I know it may bring in some disapproval, saying that such restrictions are not fun for developers anymore, but I am sure that it is certainly not fun for developers to debug issues introduced 40 days ago and it is not fun for people to have troubles with packaging new releases and doing other wiring and it is not fun for us all to spend more time on fixing the consequences rather than spending less time on keeping our master branch healthy preventing the consequences in the first place.

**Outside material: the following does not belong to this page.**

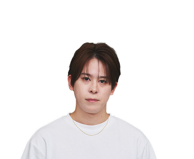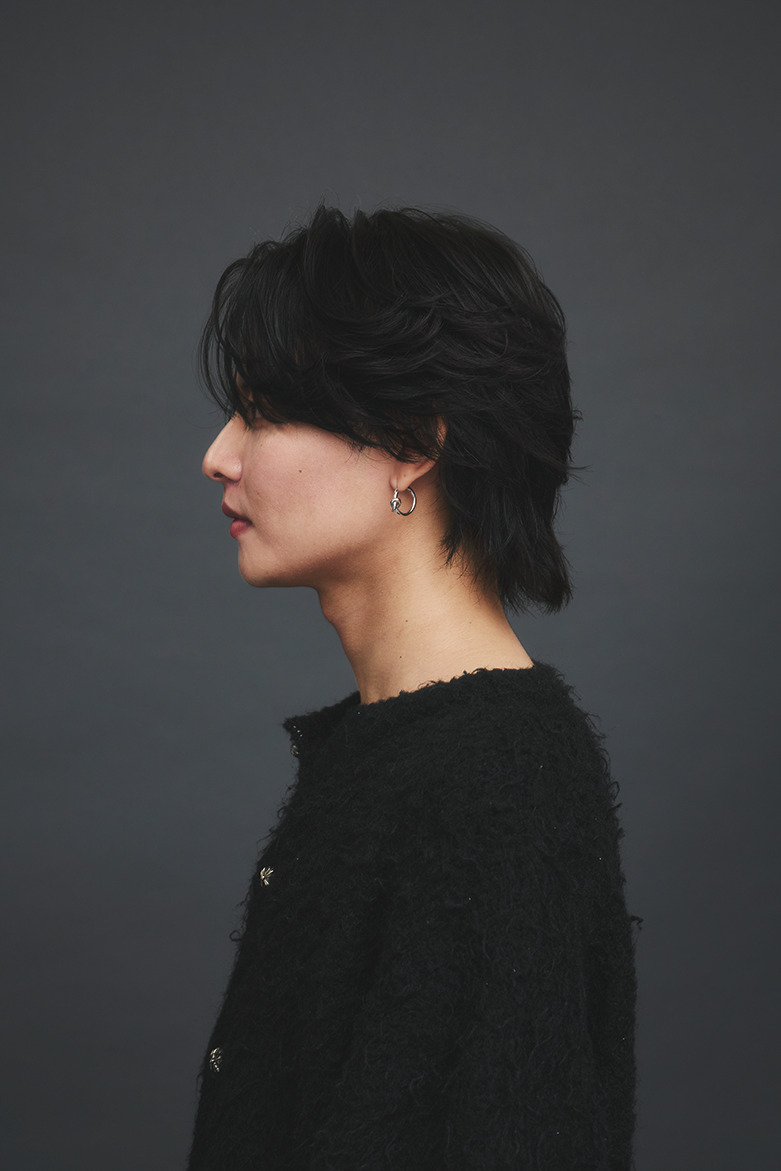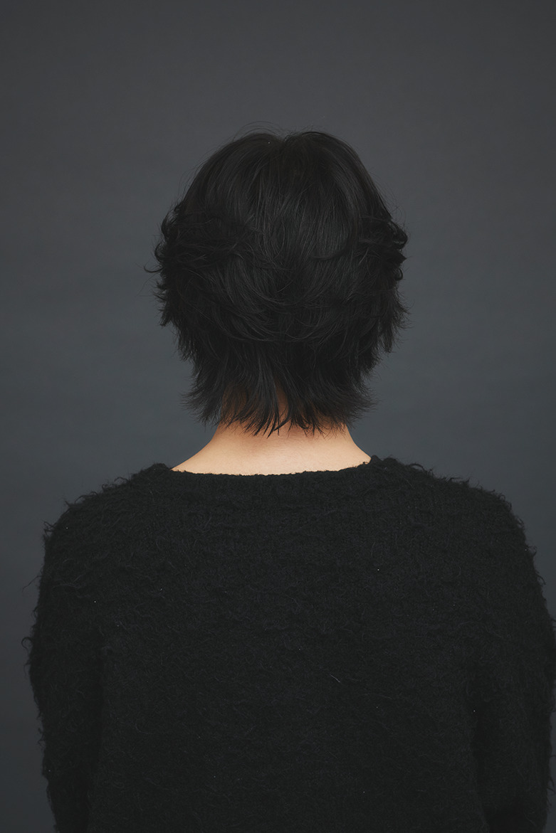CUT/ショートレイヤーベース。えり足はディスコネでカット。アンダー〜ミドルはハイレイヤーでくびれを作る。顔まわりのアウトラインはやや前上がりに。前髪は目にかかる長さにし、トップにハイレイヤーでつなぐ。

lizmat · 2020-06-22T09:21:27Z

On 22 Jun 2020, at 10:25, Altai-man ***@***.***> wrote: Possible solutions There are not so many solutions I can suggest, but I have one. Change current development culture, including: • Development migrates into PR-first mode instead of committing to master. Master branch is protected from a PR merge if the CI checks are not green. Want to change something -> PR -> checks green ?? Review and merge !! Re-take. • A check failure on master branch is considered as an extreme situation and we don't move forward until it is resolved. • Do not rely on "We assume we support some rarer than usual platforms and try not to break them, but there are no real checks around" anymore. Establish a complete list of platforms and tools we Officialy Met Expectations for and add a clear CI check for every missing point of this list. I know it may bring in some disapproval, saying that such restrictions is not fun for developers anymore, but I am sure that it is certainly not fun for developers to debug issues introduced 40 days ago and it is not fun for people to have troubles with packaging new releases and doing other wiring and it is not fun for us all to spend more time on fixing the consequences rather than spending less time on keeping our master branch healthy preventing the consequences in the first place.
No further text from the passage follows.